I’ll try to get the test kit mailed back tomorrow, and hopefully get the e-mailed link to the results within a few weeks. Numbers are good to have.
Oh, I ordered the test from D-action, with results and some basic health data being used for research purposes. If you are considering getting tested yourself, please do not get a kit from Vitamin D Council–they are pushing a huge load of the usual dehumanizing crap about autism “epidemic” causation (hypothesis is “plausible” to whom?). I felt no urge to give them the $5 or whatever off the top. Apparently all the test kits available from various sources are the same from ZRT Labs.
It’s been a long afternoon, and I’m too tired to write more. But, indeed, the brain fog seems to be slowly improving.🙂 Between the aches and pains and getting overloaded easily lately, I haven’t yet made it out to a tanning place. I’m still wanting to, and kind of frustrated at the delay.

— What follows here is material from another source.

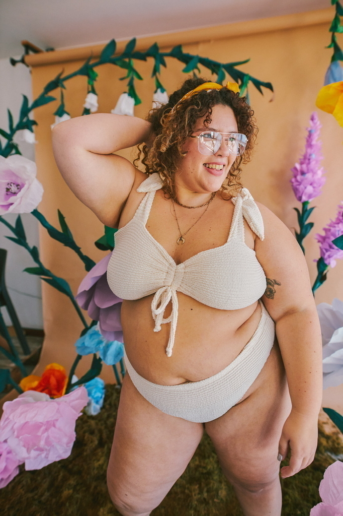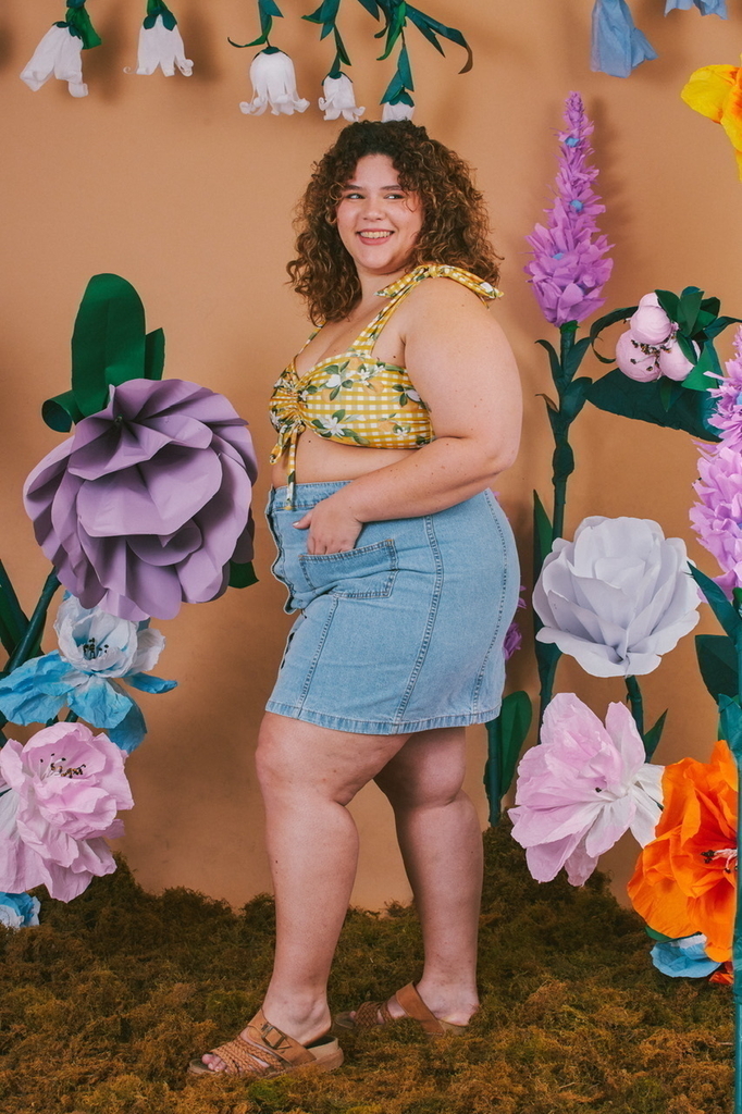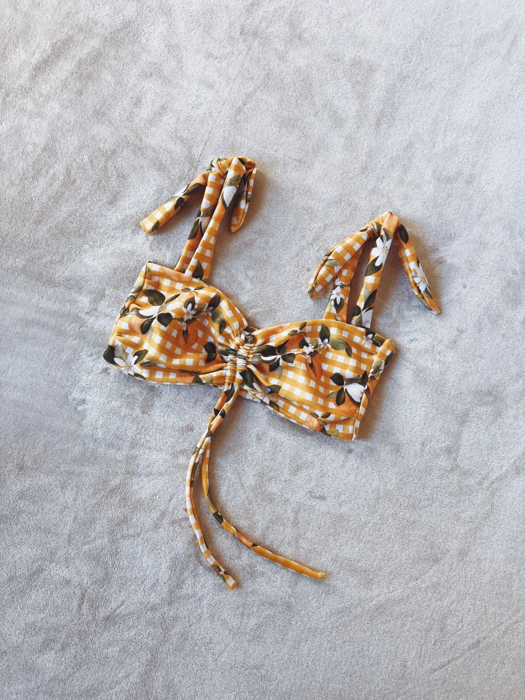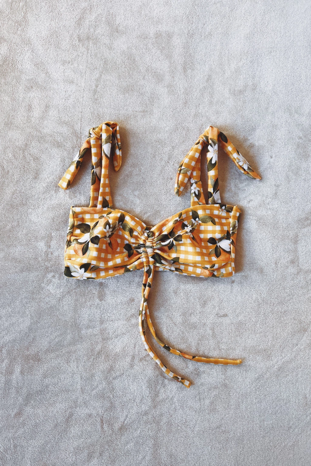 La prenda fué confeccionada en Mar del Plata. Es un top con breteles anchos (el ancho del brete también progresiona en los talles mas grandes), está forrado con al mnisma tela del frente, lo que hace que tenga mucho soporte. Es un modelo que sostiene muy bien tanto en los talles chicos como en los grandes. Tiene un cordón de la misma tela en el centro que frunce el escote según prefieras usarlo.

* I tried it at home too, in town, but my mom kept making me put my cl0thes back on–concerned about the possibility of watching pervs. Maybe even more so after some guy grabbed me off a rather busy park playground when I was a toddler. I don’t remember it. But one of the other mothers, who was closer to him, tackled him down as he was trying to carry me off, and some random passerby wrestled me away. Mr. Pervy managed to get out from under a dogpile of people who were beating on him and limp to his running car at surprising speed, unfortunately. Still, my parents didn’t fall into Stranger Danger hysteria and restrict my movements like too many people seem to think is reasonable now.